## Exercise aim
Your task is to transcribe the data exactly while omitting each picture.

## Exercise data

────────────────

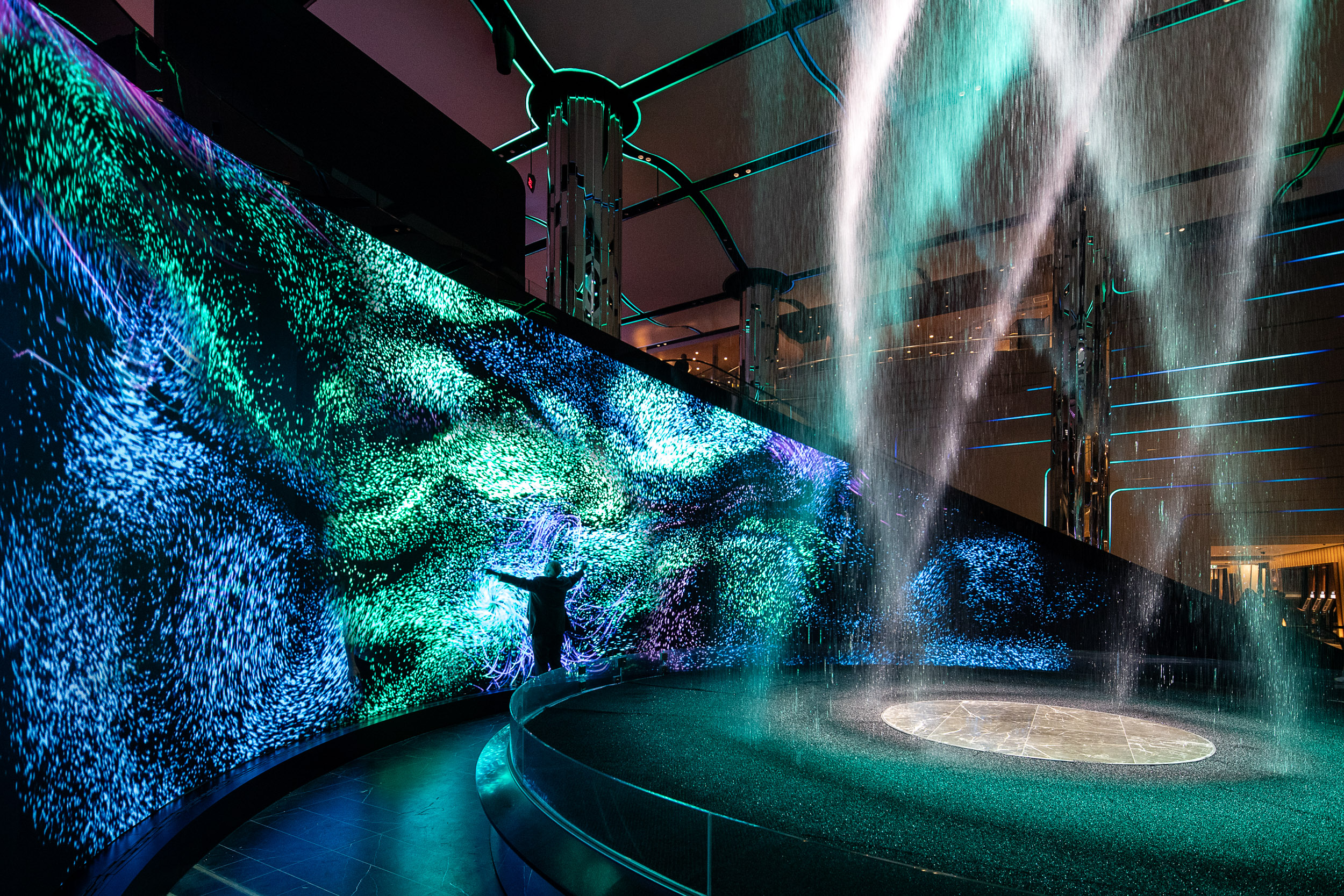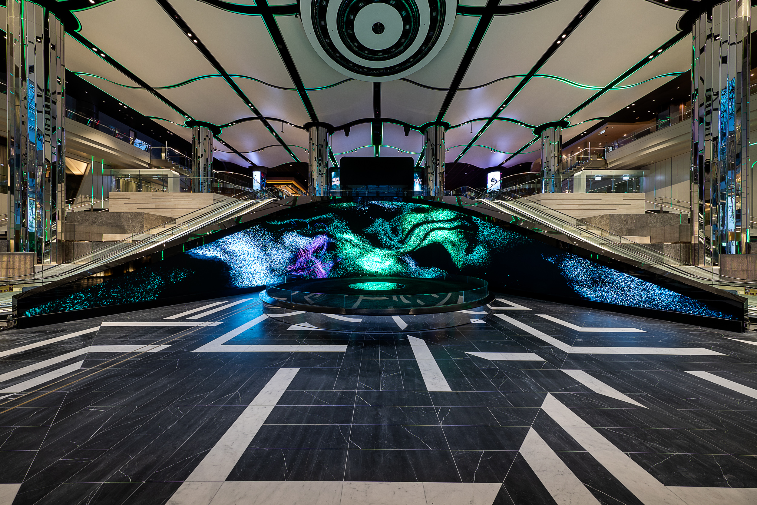 面积最大的新月形互动显示屏拥有8k超高清分辨率,由hjc黄金城集团 - 黄金城xhjc官方网站雷迪奥系列Black OnyX LED显示屏搭建而成。底部最长处由56块LED显示屏组成,长达25米。屏幕中的流动型斜坡由半块、1/4块及定制三角屏搭建,配合定制的水平斜坡和屏体内向曲线的安装框架,将“画布”无限延伸开来。
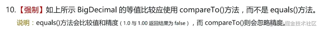 关于BigDecimal等值判断的这个知识点,在最新版的《阿里巴巴Java开发手册》中也有说明:
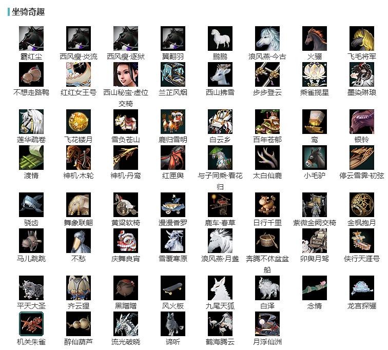 【坐骑】6个[西风瘦炎流, 西风瘦逐狱, 飞毛将军, 鹏鹏, 浪风燕今古, 霸红尘]
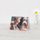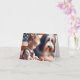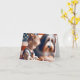 Pequeña niña pequeña con chicles rubios y las manos dobladas en la oración con tarjeta de perrito color con barba

────────────────

## Output
 面积最大的新月形互动显示屏拥有8k超高清分辨率,由hjc黄金城集团 - 黄金城xhjc官方网站雷迪奥系列Black OnyX LED显示屏搭建而成。底部最长处由56块LED显示屏组成,长达25米。屏幕中的流动型斜坡由半块、1/4块及定制三角屏搭建,配合定制的水平斜坡和屏体内向曲线的安装框架,将“画布”无限延伸开来。
 关于BigDecimal等值判断的这个知识点,在最新版的《阿里巴巴Java开发手册》中也有说明:
 【坐骑】6个[西风瘦炎流, 西风瘦逐狱, 飞毛将军, 鹏鹏, 浪风燕今古, 霸红尘]
 Pequeña niña pequeña con chicles rubios y las manos dobladas en la oración con tarjeta de perrito color con barba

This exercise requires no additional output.